Smoke and Toxicity Concerns
Fire ratings based on ASTM E84 account for smoke production, but they don’t directly measure the toxicity of that smoke. Research on epoxy FRP composites has found that these materials present a high fire hazard and can contribute significantly to fire growth. Carbon monoxide production is a particular concern, and the overall toxicity of FRP smoke, measured using fractional effective dose calculations, can be substantial.
Fire-rated FRP panels with proper additive packages produce far less smoke than standard versions. If you’re specifying FRP for a space where occupant safety is critical, the Smoke Development Index number is just as important as the Flame Spread Index. A product can technically pass Class A for flame spread while still producing problematic levels of smoke if it barely stays under the 450 SDI threshold.

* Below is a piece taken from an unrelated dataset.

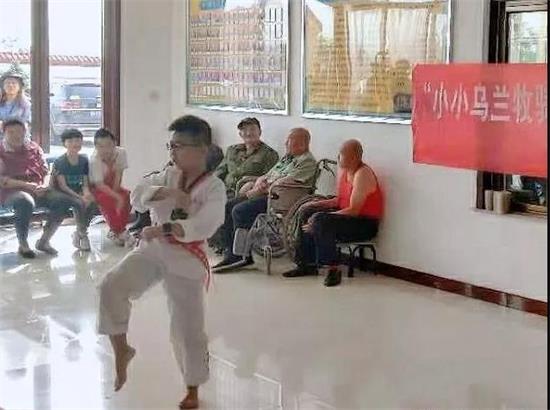 志愿者们的才艺节目真是丰富多彩。有古典乐器的古筝、琵琶,有节奏感十足的现代舞,有优美动听的草原歌曲,还有所向披靡的跆拳道。大厅里不时传出老人们热烈的掌声,还有的老人为小队员们竖起了大拇指。

What to Look for When Buying FRP
Not all FRP panels sold for wall applications carry a fire rating. Budget panels intended for garage workshops or agricultural buildings may have no ASTM E84 classification at all. When fire performance matters, look for these specifics on the product data sheet:
- ASTM E84 classification: Should state Class A or Class 1 (these are equivalent) with specific FSI and SDI numbers
- UL or third-party listing: Verified testing from an independent lab, not just a manufacturer claim
- NFPA 285 compliance: Required if the FRP will be part of an exterior wall assembly on a building over 40 feet tall, depending on your local code
Local building codes determine what rating you actually need. Commercial kitchens, hospitals, cleanrooms, and food processing facilities almost universally require Class A interior finishes. Residential applications may accept Class B or C, or may not require a rating at all. Your building inspector or architect can confirm the requirement for your specific project.